A morte de um burocrata

A morte de um burocrata (La muerte de un burocrata, Cuba, 1966), de Tomás Gutiérrez Alea.

O filme abre com o enterro de Paco, que passou a vida se dedicando ao trabalho, se transformando em exemplo nacional. Ele inventou uma máquina capaz de produzir bustos, estátuas, em série. A máquina apresenta um defeito, Paco tenta consertá-la e acaba sugado pelas engrenagens – a morte do operário é encenada em uma divertida sequência de animação. 

A comédia pastelão, com toques de surrealismo, é uma crítica severa à burocracia estatal. A viúva de Paco recorre ao funcionalismo público para receber a pensão, mas não consegue devido a um fato: os sindicalistas, como forma de homenagem, enterraram Paco junto com sua carteira de trabalho. O sobrinho da viúva começa um périplo sem fim por instituições até que resolve desenterrar o cadáver à noite para recuperar o documento.  A partir daí, a trama ganha os contornos do absurdo, bem ao estilo Luís Buñuel e das comédias pastelões do cinema mudo.

Segundo Tomás Gutierrez Alea, a ideia do filme surgiu de suas experiências pessoais, pois ele teve que resolver problemas domésticos e passou a conviver com a burocracia.

“Cheguei a um ponto em que me senti tão agoniado que tinha ânsias de ‘justiçar’ um burocrata. Tinha acumulado muitas situações de violência reprimida. Os problemas do cotidiano aumentavam e eu vivia irritado. A decisão de fazer esse filme foi uma psicoterapia incrível: me permitiu desviar a violência que estava sentindo e jogá-la no filme. Continuava com minhas dificuldades domésticas – ia aos escritórios, enfrentava funcionários burocratas e perdia muito tempo – mas de algum modo me enriquecia: levava um caderno de apontamentos onde anotava situações, comportamentos, dados. Meus esforços se converteram num trabalho de pesquisa que acabou sendo interessantíssimo e comecei a enfrentar a situação com grande senso de humor. “

Elenco:  Salvador Wood, Silvia Planas, Manuel Estanilo, Omar Alfonso. 

Referência: Gutierrez Alea: Os filmes que não filmei. Silvia Oroz. 

Cinzas do passado redux

Cinzas do passado redux (Dung che sai duk, Hong Kong, 2008), de Wong Kar Wai. 
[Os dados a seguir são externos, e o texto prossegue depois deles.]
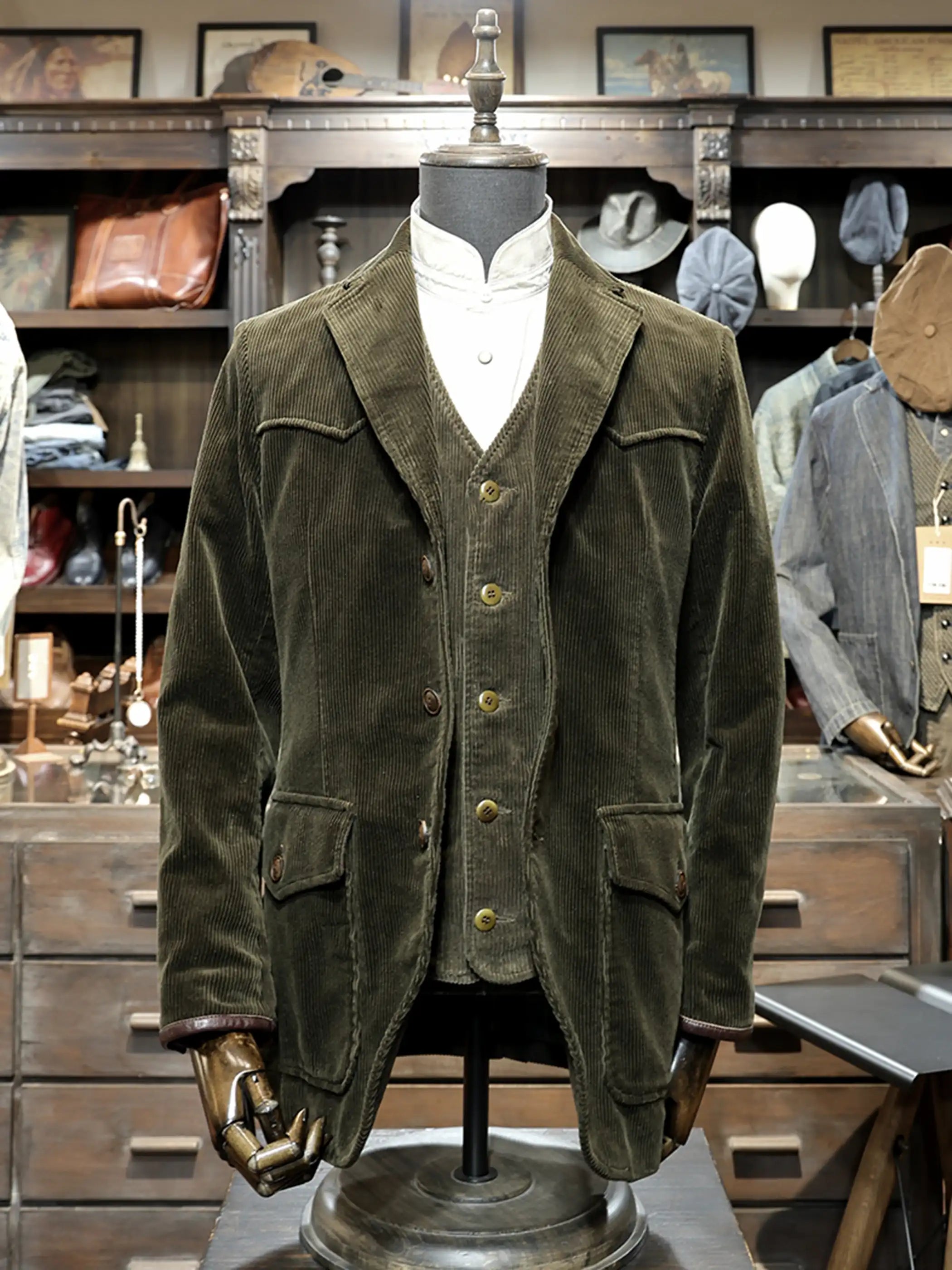 これ一着で、460gのヘビーコーデュロイとレトロな硫化染カラーが織りなす、存在感あふれるミドル丈ジャケットを楽しめます。

O filme abre com a câmera percorrendo em travelling um deserto amarelo exuberante. Voz do narrador do filme: “É um ano de eclipse total, a seca assola a terra. Seca significa problemas. Problemas significam bons negócios. Eu sou da Montanha do Camelo Branco. Me chamo Feng. Sou especialista em resolver problemas.” 

Ou-yang Feng (Leslie Cheung) foi um famoso espadachim, esses artistas das artes marciais que se consagraram no cinema oriental desde Os sete samurais (1954), de Akira Kurosawa. Feng se exila na montanha após ser abandonado pelo seu grande amor. A especialidade em “resolver problemas” a que Feng se refere é intermediar a contratação de assassinos de aluguel. “Matar em si, não é um problema. Tenho um amigo que conhece certas artes marciais. Ele está um pouco sem sorte ultimamente. Por uma pequena taxa ele ficará feliz em livrá-lo dessa pessoa.” Diz Feng a um interlocutor.
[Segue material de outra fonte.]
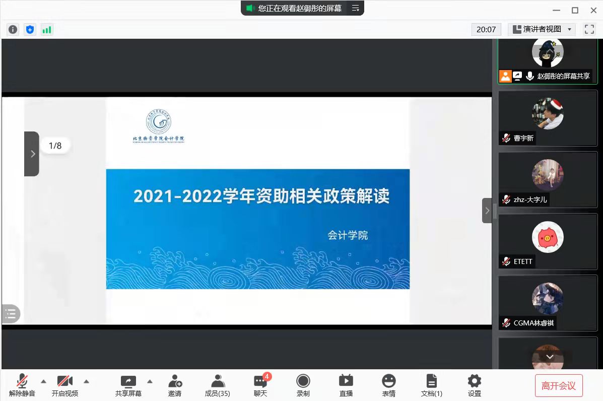 9月10日中午,304am永利集团组织各年级生活委员和相关员工代表参加“2021-2021学年资助相关政策解读”线上会议。会议由304am永利集团负责资助工作赵御彤老师主持。

O gênero chinês wuxia ganha contornos estéticos fascinantes nas mãos e olhar de Wong Kar Wai. O ritmo lento, demarcado pela extravagante profusão de cores, closes em momentos tensos, personagens que parecem voar em câmera lenta nas cenas de luta – o estilo Wong Kar Wai. 

Cinzas do passado foi lançado em 1994 e passou por um longo processo de restauração, O filme original tinha cópias em versões diferentes, todas já em processo de deterioração. O próprio diretor coordenou a restauração que resultou na “versão definitiva”,  aprimorada em seus elementos estéticos, com alterações na estrutura narrativa, incluindo novas músicas. A narrativa, centrada nos sentimentos de frustração e melancolia dos protagonistas,  é entremeada por cenas artísticas de combates entre os guerreiros espadachins, inaugurando um estilo que se consagraria com filmes como O tigre e o dragão (2000), de Ang Lee, e a trilogia de Zhang Yimou: Herói (2002), O clã das adagas voadoras (2004) e A maldição da flor dourada (2006). 

Jane B. por Agnès V.

Jane B. por Agnès V. (França, 1988), de Agnès Varda.

Em 1988, Jane Birkin estrelou o polêmico e ousado filme Kung Fu Master, dirigido por Agnès Varda. As filmagens foram realizadas na casa de Jane Birkin, em Londres. Durante as filmagens, a consagrada modelo, atriz e cantora revelou à Agnes Varda seu medo de completar 40 anos. Diretora e atriz fizeram, então, um projeto paralelo à Kung Fu Master: o documentário, mescla de realidade e ficção, Jane B. por Agnès V.  

A estrutura fragmentada do filme intercala reflexões de Jane Birkin sobre sua carreira e seus relacionamentos amorosos, principalmente com Serge Gainsbourg; pequenos trechos de filmes, imagens de arquivo, incluindo interpretações de famosas canções; participação ativa da diretora com perguntas ousadas. A parte ficção é uma série de esquetes nas quais Jane Birkin interpreta papéis famosos do cinema, como Joana D’Arc, Calamity Jane, Jane (Tarzan) e uma divertida simulação de O gordo e o magro, contracenando com Agnès Varda. 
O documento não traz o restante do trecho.